Breath analysis by laser spectroscopy can differentiate between SARS-CoV-2 infection positives and negatives. Using the two spectral pre-processing techniques for machine learning analysis, we found the pattern-based approach yielded an AUC of 0.849 (standard deviation [SD], 0.004) (see panel (b) in FIG. 6) and the molecule-based approach yielded an AUC of 0.769 (SD, 0.007) (see panel (e) in FIG. 6). Both approaches confirmed that significant differences in breath contents caused by SARS-CoV-2 infection was successfully detected by CE-DFCS. The classification results on SARS-CoV-2 infection should be interpreted as the co-agreement between the CE-DFCS breath test and the RT-PCR tests employed. As control experiments to validate the analysis methodology, we checked predictions for two cases with known responses: (1) a random guess based on subjects born in even vs. odd months, for which the lowest possible AUC of 0.5 is expected; (2) a perfect discrimination comparing ambient air vs. exhaled breath samples, for which one expects an AUC of 1. Both the pattern-based and molecule-based approaches confirmed expectations for results from a random sampling by birth month (see panels (a) and (d) in FIG. 6), yielding an AUC of 0.516 (SD, 0.004) and 0.488 (SD, 0.009) respectively. With regard to ambient air vs. breath, both approaches yielded AUCs of 1.000 (SD, 0.000) (see panels (c) and (f) in FIG. 6) and confirmed perfect discrimination criterion. These results further support the reliability of our analysis protocol. The AUC of ˜0.5 obtained from predictions of baseline response also suggested that our sample size was large enough to capture sufficient population diversity.

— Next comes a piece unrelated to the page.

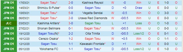 + Thống kê 10 trận gần nhất của Sagan Tosu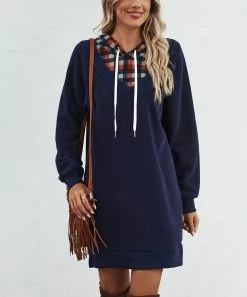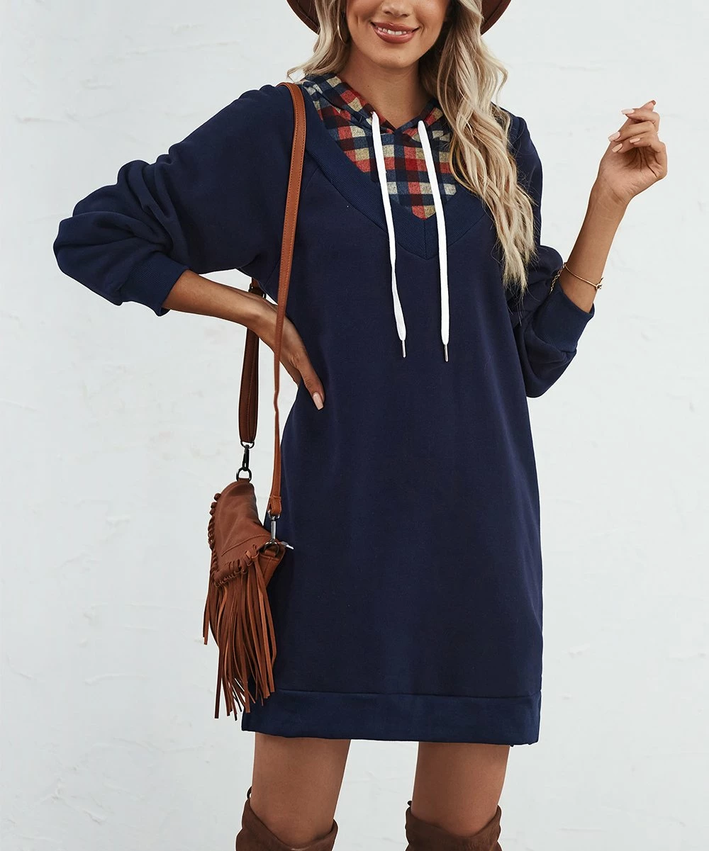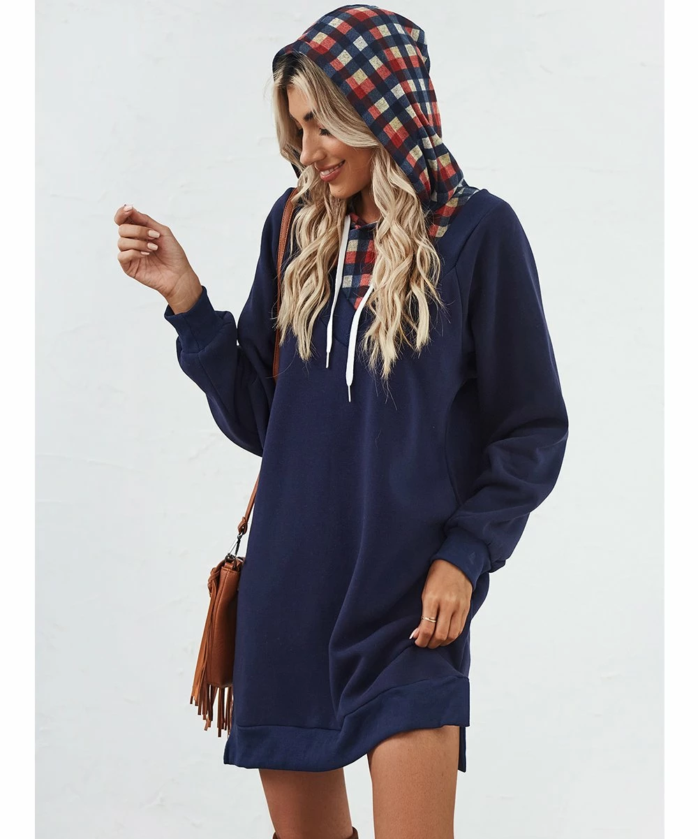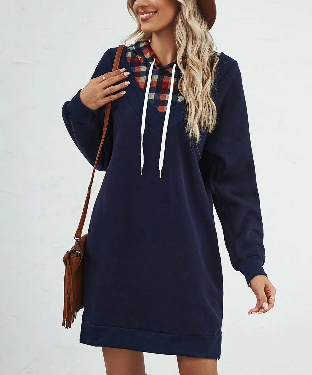 Bring easygoing appeal to your look with this hooded sweatshirt dress complete with side slits.

3.3. Pattern-Based Approach Outperforms Molecule-Based Approach

For SARS-CoV-2 infection, we found that the pattern-based approach clearly outperformed the molecule-based approach in prediction performance (AUC of 0.849 (SD, 0.004) vs. 0.769 (SD, 0.007)). To illustrate this result, we made use of the subjects' distribution on the PLS coordinate, which allowed us to visualize which approach can better discriminate opposing response classes. We used the complete data set (N=170) for construction of the PLS coordinate space and plotted subjects' data on the first three PLS components in panels (a) (pattern-based) and (b) (molecule-based) of FIG. 7. The results show significantly better discrimination capability was obtained by the pattern-based approach. The underperformance of the molecule-based approach could potentially be attributed to the exclusion of species with unknown identities in exhaled breath detected by CE-DFCS. As CE-DFCS acquires breath data at extremely high sensitivity, specificity, and dimensionality, applying the pattern-based approach to make full use of the wealth of chemical information collected by CE-DFCS is advantageous in that it bypasses the need for a complete molecular database to directly understand the best possible prediction power.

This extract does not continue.